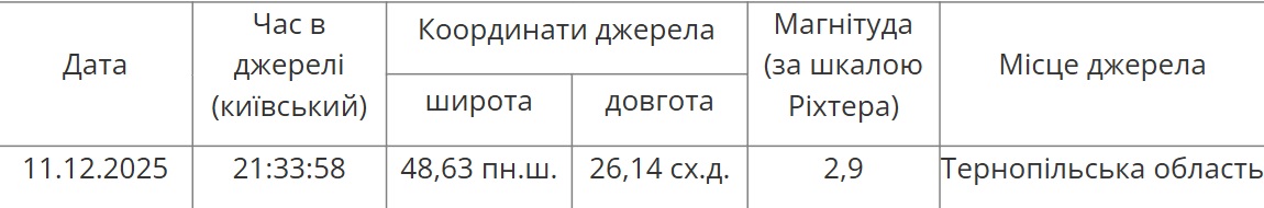 В Україні 11 грудня було зафіксовано землетрус магнітудою 2,9 за шкалою Ріхтера. Про це інформує Головний центр спеціального контролю.
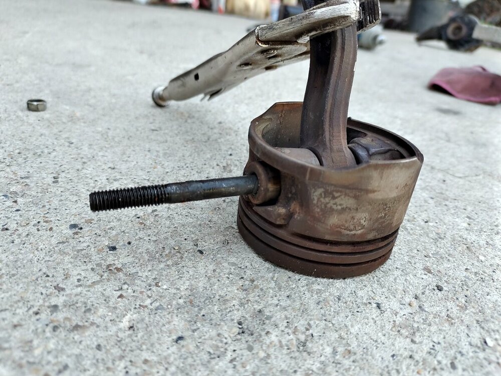 Dj_Dark Posted September 6, 2021 Author Share Posted September 6, 2021 I-am comandat, dar nu de gura voastra ci fiindca am rupt unul la montaj 🙂 Totodata am descoperit ca se gasesc din ce in ce mai greu piese de daewoo 🙂 Am gasit intr-un final goetze cu greu, urmeaza sa ii si primesc. Pana atunci am montat biela noua in locul celei strambe. Am reusit acasa cu o presa improvizata din surubul de jos al alternatorului (singurul de lungimea potrivita) o tubulara, vre-o 2 saibe si o lampa cu gaz. A fost mai usor decat am crezut, la remontare am reusit sa il bag chiar cu mana incalzind doar biela, diferenta de temperatura intre biela si boltul rece a fost suficient. Intre timp, fiindca se apropie inceputul scolii si se termina distractia, am scos restul pistoanelor, am montat ambreiajul/cutia si am urcat ansamblul pe masina folosind o metoda foarte neortodoxa si noua pentru mine 🙂 Am zis ca mai bine sta sus pe masina la un adapost oarecare decat cu baia in sus pe un palet 🙂 2 1 Link to comment
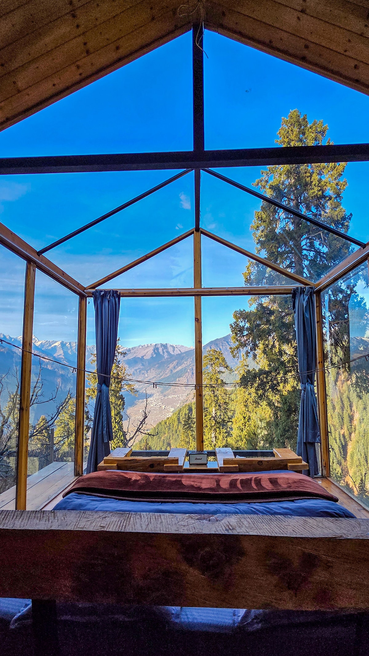 Uma cabana de vidro deslumbrante, nas encostas de Manali. Com vistas panorâmicas e um teto de vidro, acorde para a floresta e adormeça sob as estrelas. Situada nas profundezas da selva, a enseada é ideal para amantes da natureza e aventureiros. A aventura começa com uma caminhada panorâmica de 1 hora SUBINDO uma montanha: uma mini expedição ao seu paraíso escondido! E não se preocupe, o nosso guia está de costas e as suas malas, tornando a viagem o mais fácil possível.
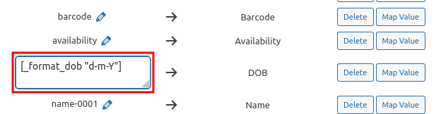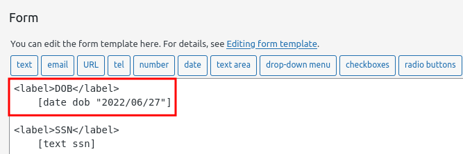 [_format_{field name} "date format"]. Replace{field name}with the name of your field, which isdob. Replacedate formatwith the desired date format, based on the CF7 format column in the date format conversion table. In our example, it isd-m-Y. See more details in the CF7 documentation.
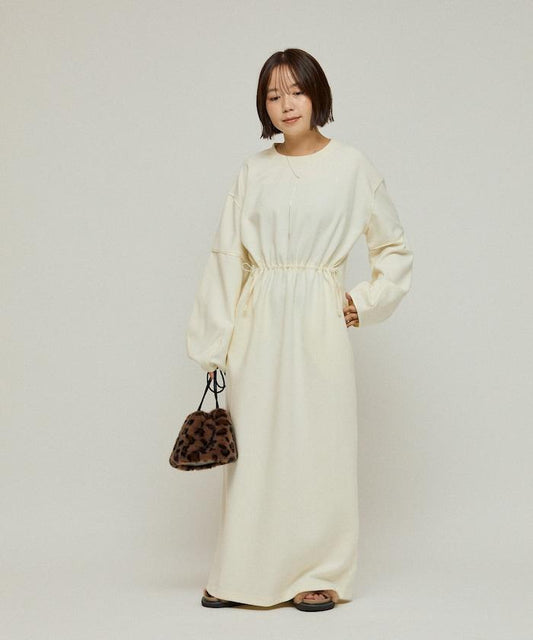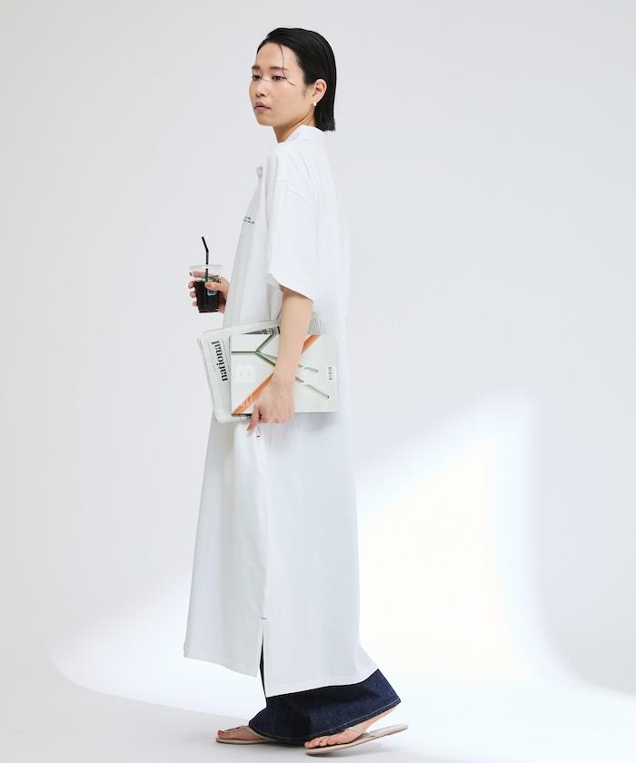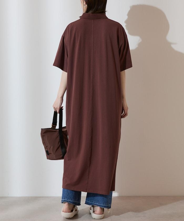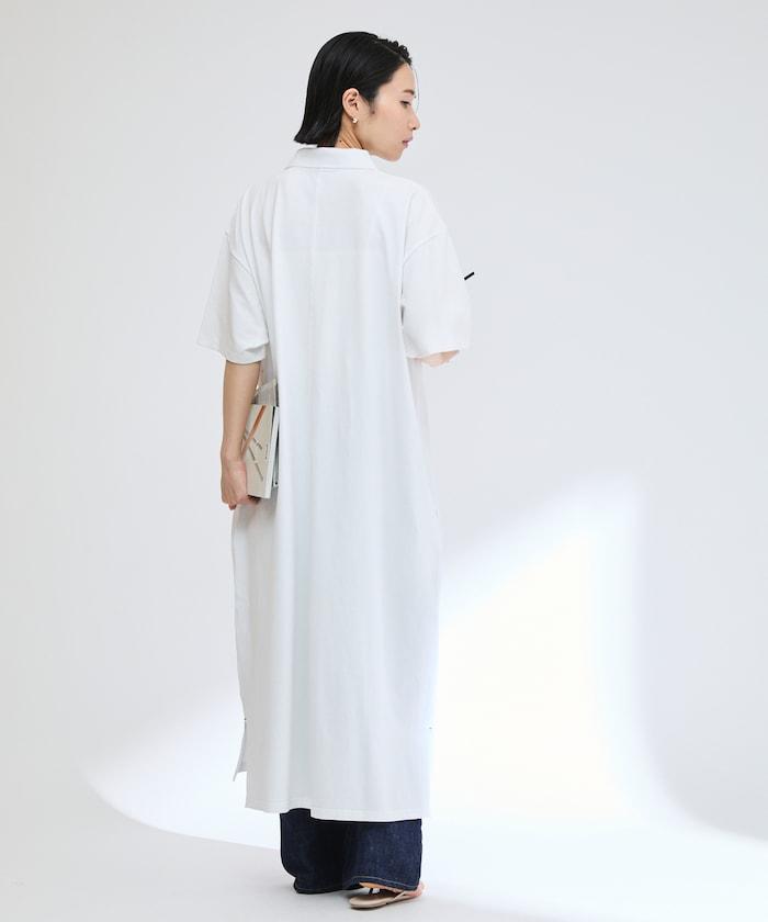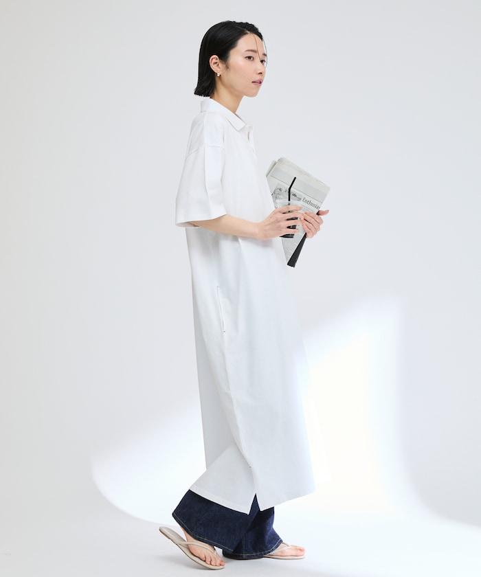 採用原創針織面料的寬鬆馬球連衣裙。
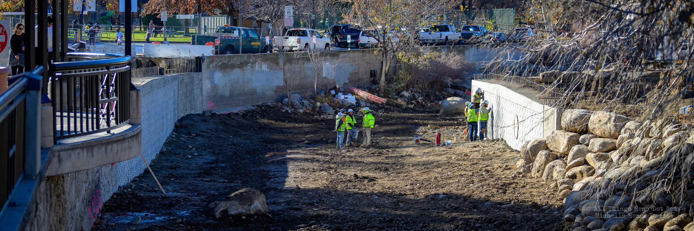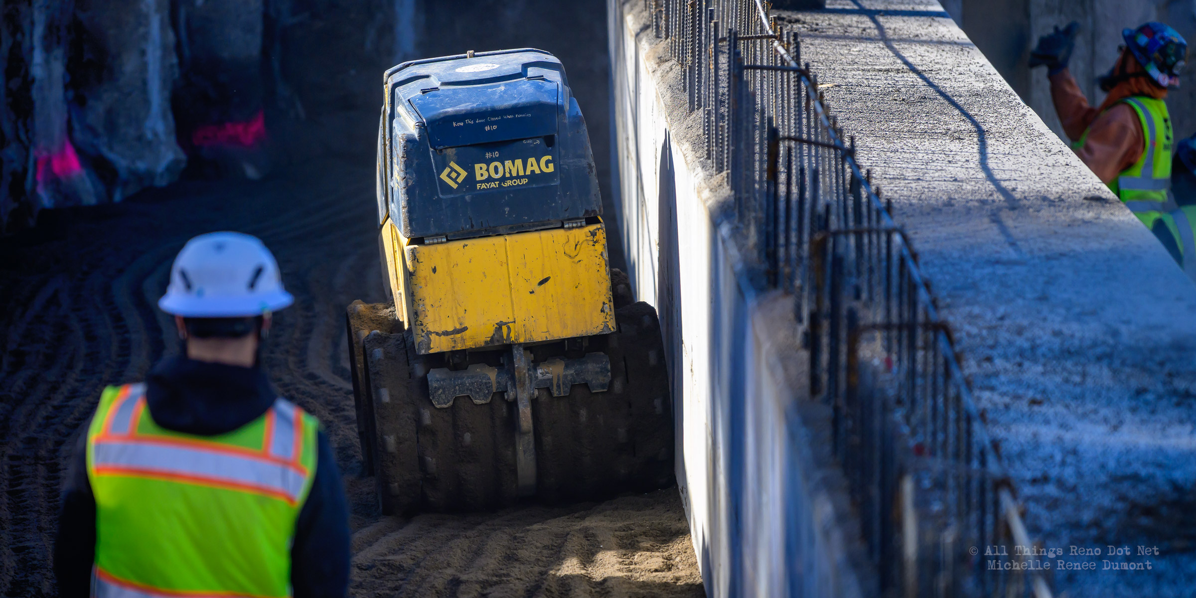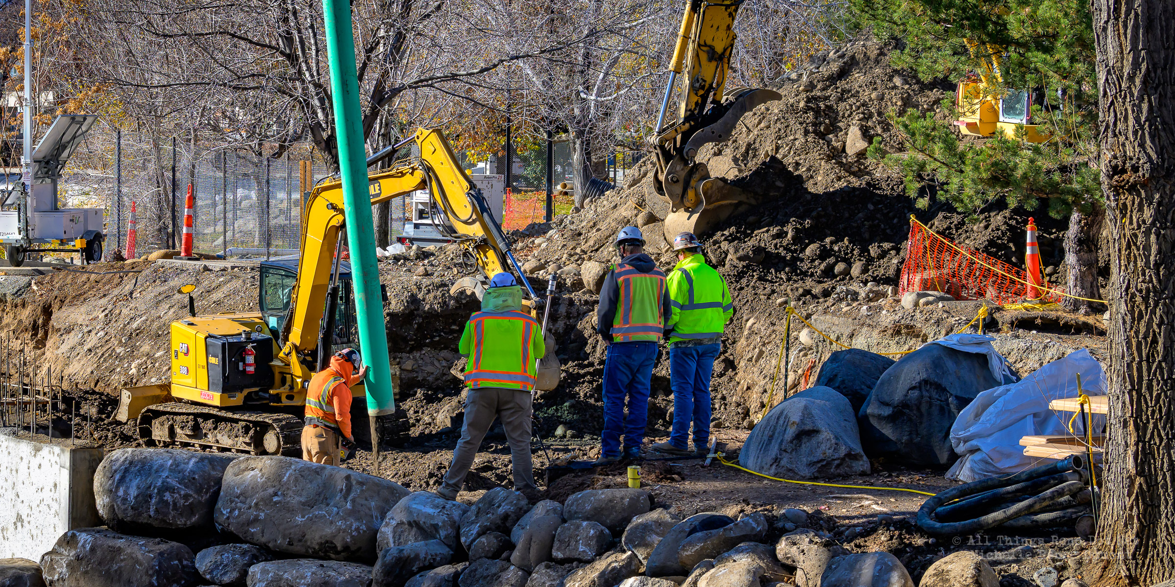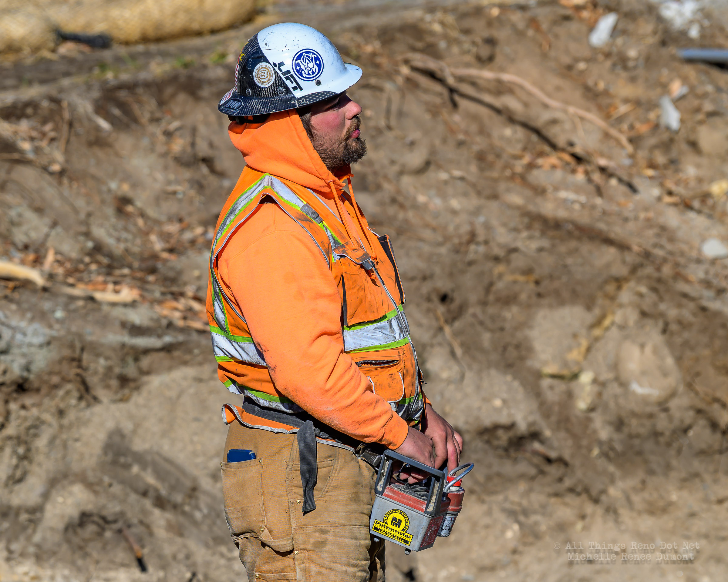 Under the close watchful eye of Supervisors, crews were out on a cold autumn Saturday morning working on back filling the bridge abutments in anticipation of the upcoming scheduled reopening of the river. Some were busy removing any imperfections and/or rough edges in the abutment concrete, while others were moving boulders around like they were pebbles with the Excavator.
= = = = = = =
### [AIM OF THE EXERCISE]
Your task is to copy exactly the lines from the line containing "採用原創針織面料的寬鬆馬球連衣裙。" through the final line of the listing above and to omit every picture.

### [PROBLEM SOLUTION]
 採用原創針織面料的寬鬆馬球連衣裙。
 Under the close watchful eye of Supervisors, crews were out on a cold autumn Saturday morning working on back filling the bridge abutments in anticipation of the upcoming scheduled reopening of the river. Some were busy removing any imperfections and/or rough edges in the abutment concrete, while others were moving boulders around like they were pebbles with the Excavator.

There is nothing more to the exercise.